Congested and tired which means that I am on edge. Yesterday I went to the post office. I went in looking at the employee thinking, "You better not blah blah blah" or "If you do blah blah blah, I'll be so pissed!" And the guy was actually super sweet and helpful! I could have killed him. What are those kind of counter-active thoughts called? I hate having them.
Doing a blog sweep yesterday I went in being too hard on myself. Not too much was swept (elements of libel). I left some elements of morbid self-pity and bloated self-importance. Blogs really help to facilitate bloated self-importance. Look at me! Look at me! Hey everybody, look at me! I can wiggle my hips! Whoah! A tree just fell in the forest. Maybe the word 'blog' should only be used in the singular. Blog really help to facilitate self-importance. Thaaaat's better.
Ya know, I think I am fucking coo-coo. Reflection and sparked reminders. Mental elements that show that I am kinda, well, crazy. Sigh. Plum loco.

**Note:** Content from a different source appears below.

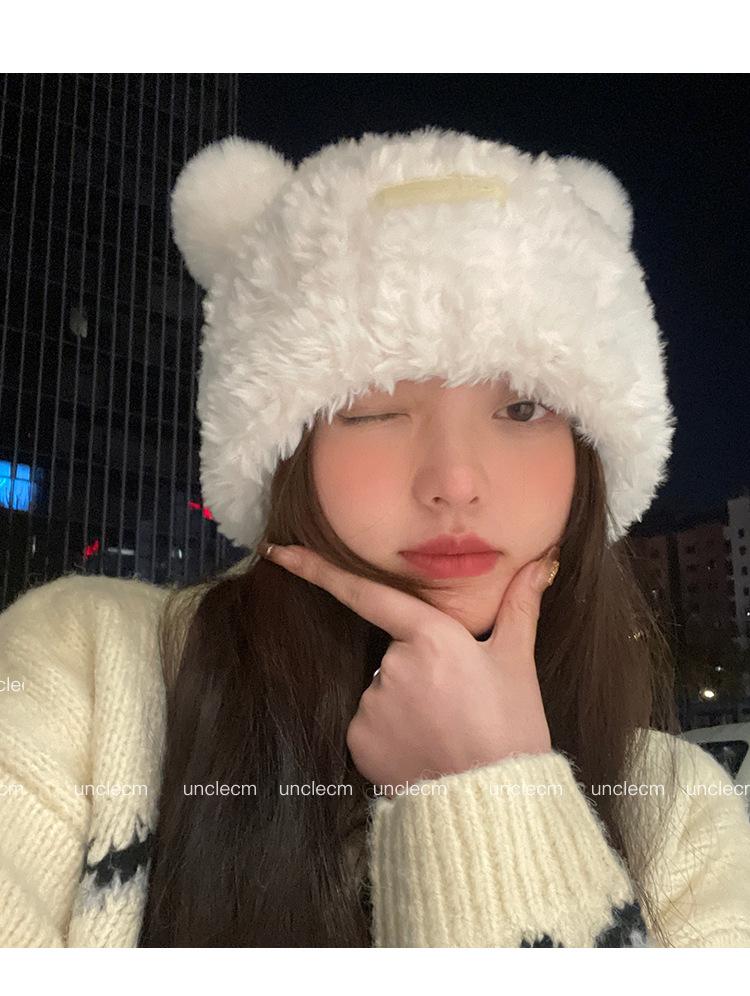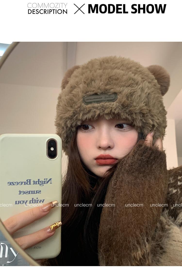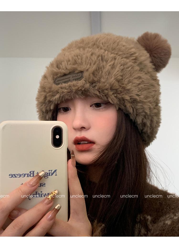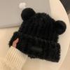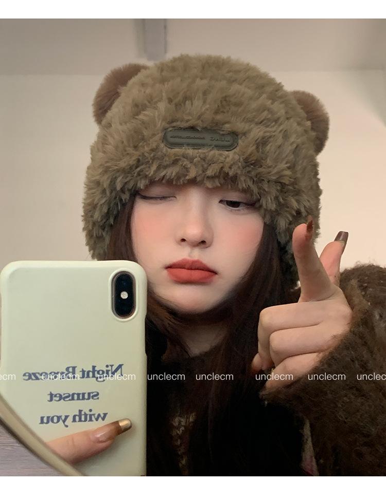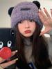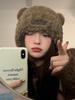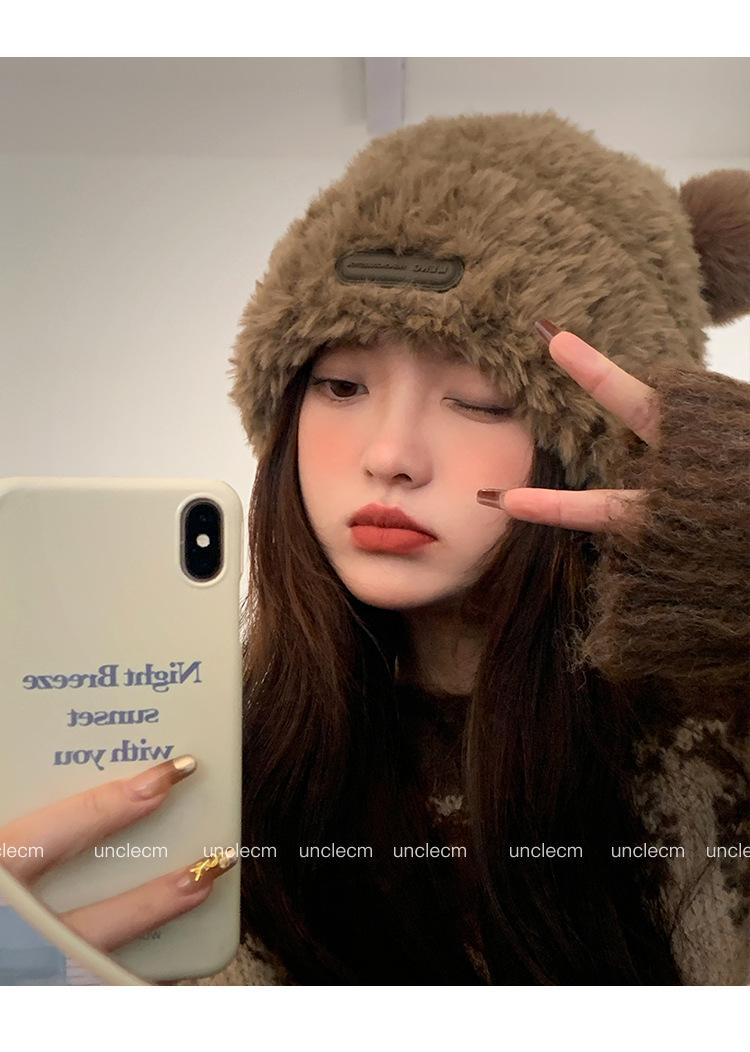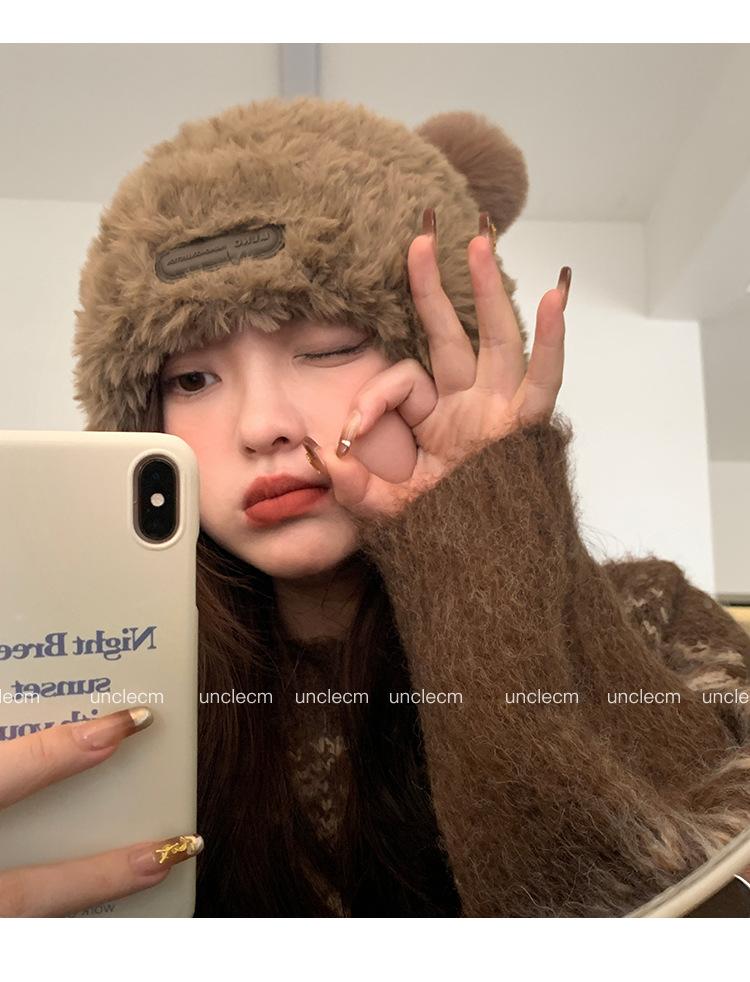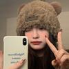 Bonito urso de pelúcia tricotado lã chapéu para mulheres outono e inverno engrossado quente pele sintética pullover earmuffs marrom

I'm seeing character traits in myself that I despise, that really need work. I am certainly better than I was, but my warped social instinct needs to get straightened. The fact that I can get so defensive. I am certainly less passive-aggressive than I used to be but I have been seeing taunting glimmers of it lately.
When I feel socially awkward I must gab less and listen more, unless I am cornered by someone dull then I should just jet!